Si tu devais choisir un projet coup de cœur sur lequel tu as travaillé en cette année contrainte, quel serait-il et pourquoi ?
C’est une question difficile, à cause de la crise sanitaire, nous n’étions ouverts qu’aux étudiants, mais il y a cependant eu beaucoup de projets intéressants réalisés cette année qui étaient donc essentiellement reliés à des cursus universitaires. Je pense notamment au projet Via-bird (prendre en photo les oiseaux dans une mangeoire/abreuvoir connectée) qui a été repris par la maison de quartier la Touche et avec qui des étudiants en master géo ont pu faire équipe. Je pense aussi aux projets de fin d’année des L3 en spécialité « fabrication numérique » qui ont réalisé une maquette d’appartement étudiant tout bonnement incroyable. Les projets du cours « modélisation 2D » des Deust 1 Usetic qui ont réalisé en 4h un niveau de Super-Mario en découpe laser (!!). Ou encore le projet de médiation du Master Magemi de cette année, qui à imaginé une exposition photo en extérieur réalisée en grande partie en découpe laser et dont le travail graphique investit fût très inventif.
Mais si je peux m’étendre sur un projet en particulier je proposerais :
– Guiano (la guitare d’escalier) : Le principe est très simple, mettre des capteurs de distance sur les marches de l’Opéra de Rennes pour le transformer en « guitare ». Chaque pied rencontré sur les marches devient comme des cordes pincées et sont remplacées numériquement par des vocalises préenregistrées.
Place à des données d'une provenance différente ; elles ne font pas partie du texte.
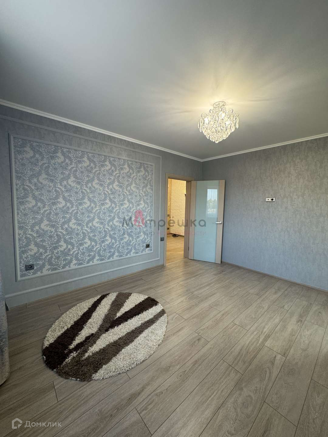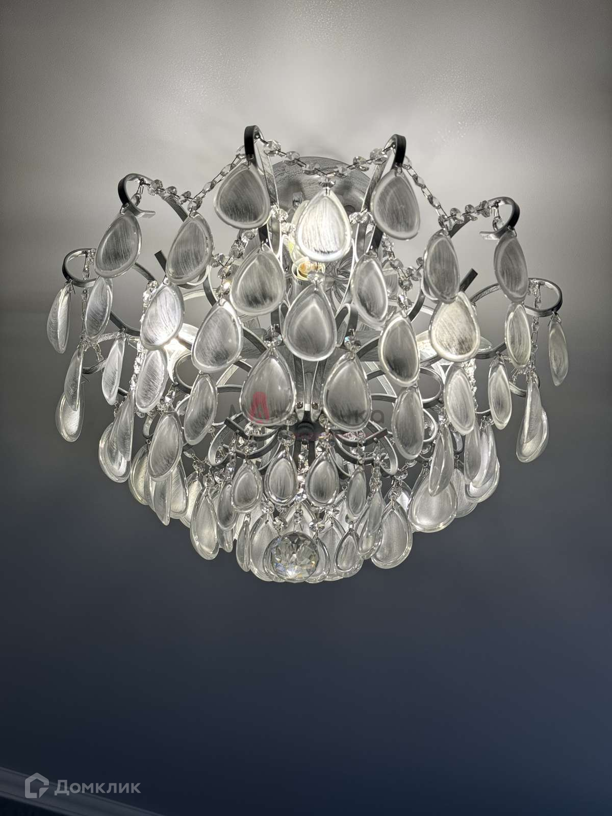 Стильный дизайн выполнен в светлых тонах, уделено внимание фурнитуре, использован многоуровневый свет, люстры и светильники создают оригинальные акценты.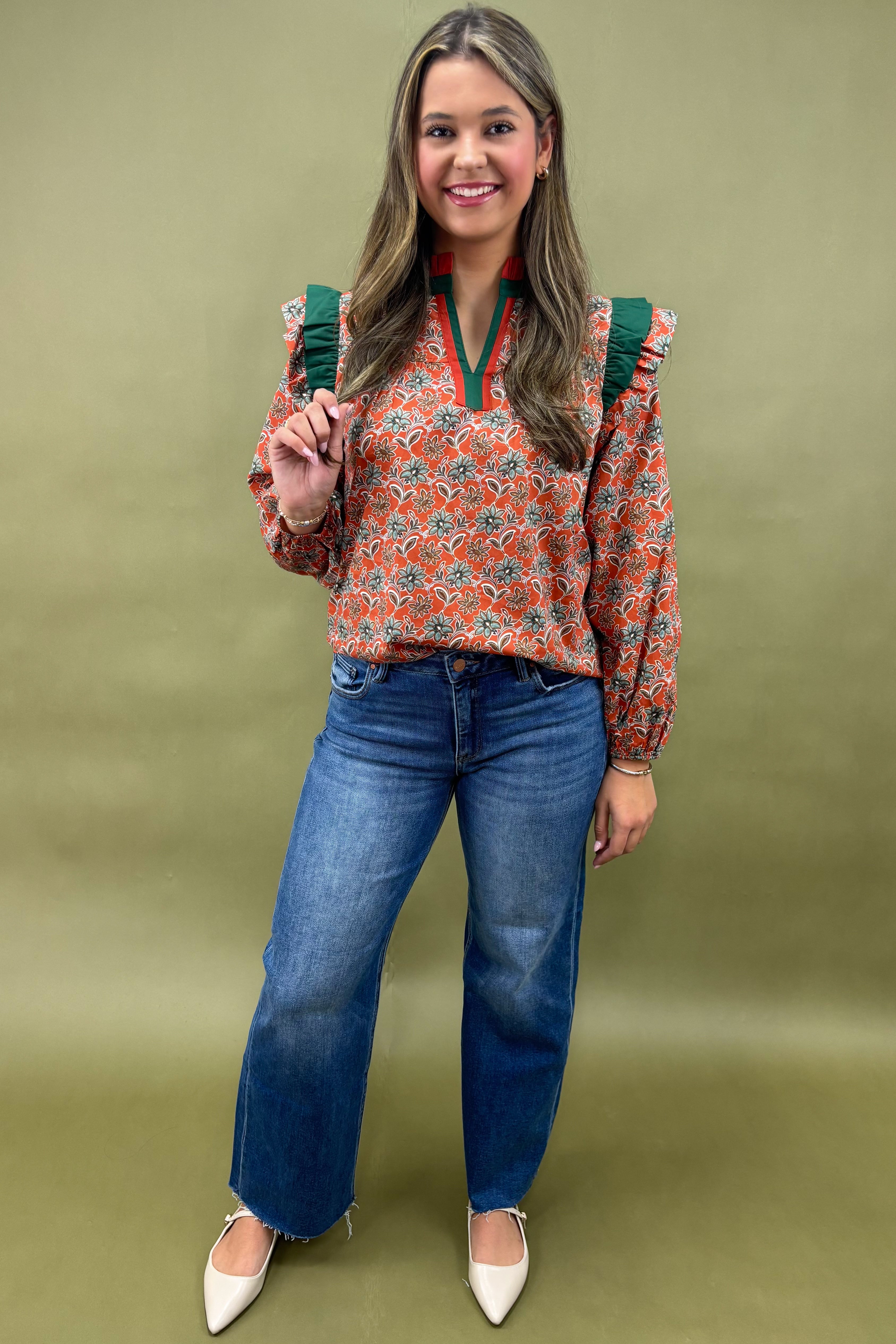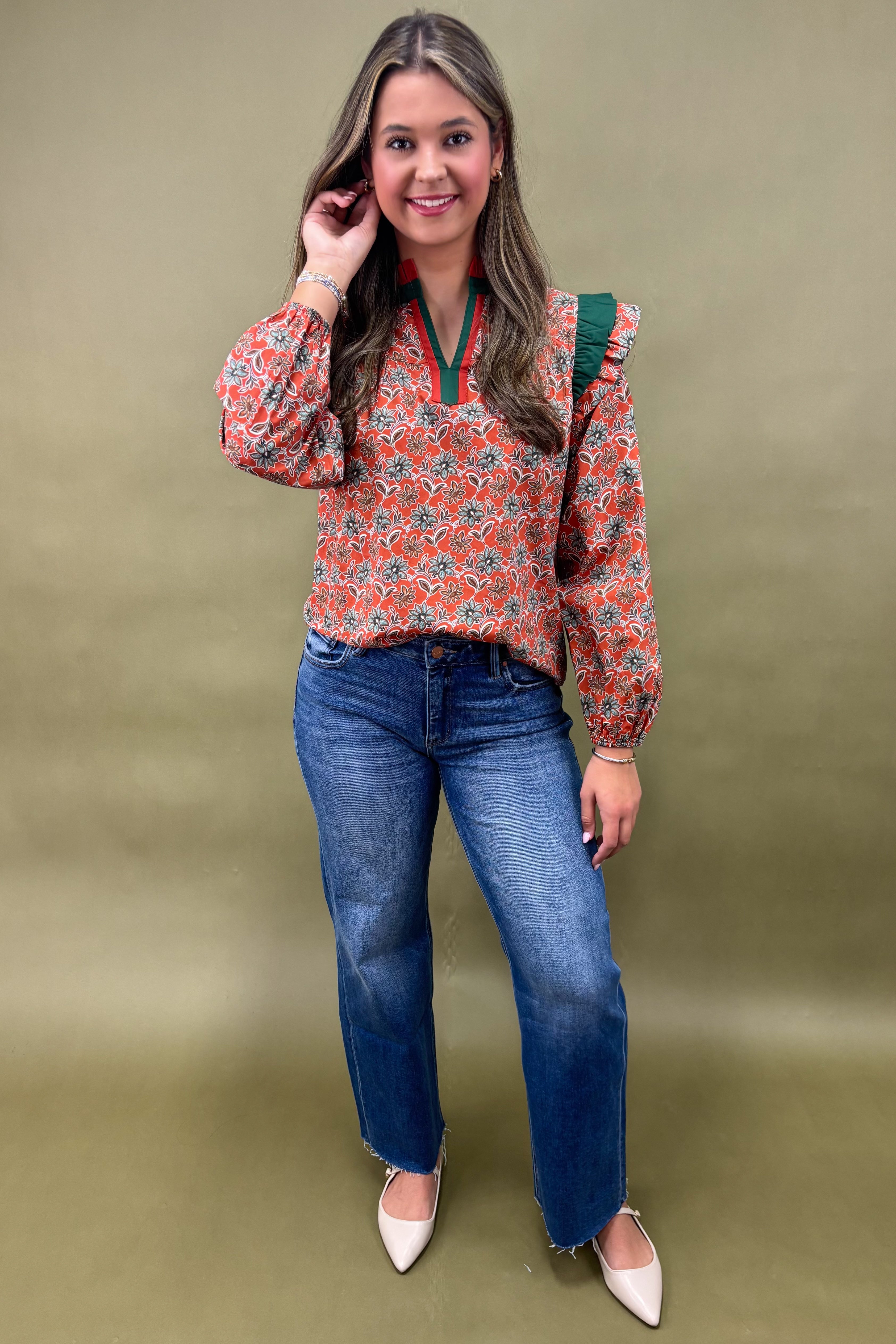 With its vintage-inspired pattern, bold use of color, and charming details, this blouse feels like something you’d discover in a boutique on a hidden street while traveling—but lucky for you, it’s ready to bring all that wanderlust energy straight into your closet.

Nous avons réalisé ce projet lors de l’hackathon à l’Opera en fin septembre dernier : Opéramorphose. Pourquoi je retiens ce projet, parce que malgré le fait que le projet soit assez classique, il s’agit d’un des seuls projets de l’année ayant été réalisés à la fois par des étudiants, des Makers et des professionnels de Rennes.
De plus ce projet est né de manière totalement spontanée : les facilitateurs ayant une demi-journée d’avance sur leur planning, nous avions tout le loisir de réaliser un 5e projet bonus (en plus des projets des 4 équipes) à proposer au public. Tous les participants à ce projet bonus ont complété leurs compétences à merveille et en à peine 3h, nous avions installé un projet qui a surpris tout le monde à commencer par le public et les organisateurs de l’événement.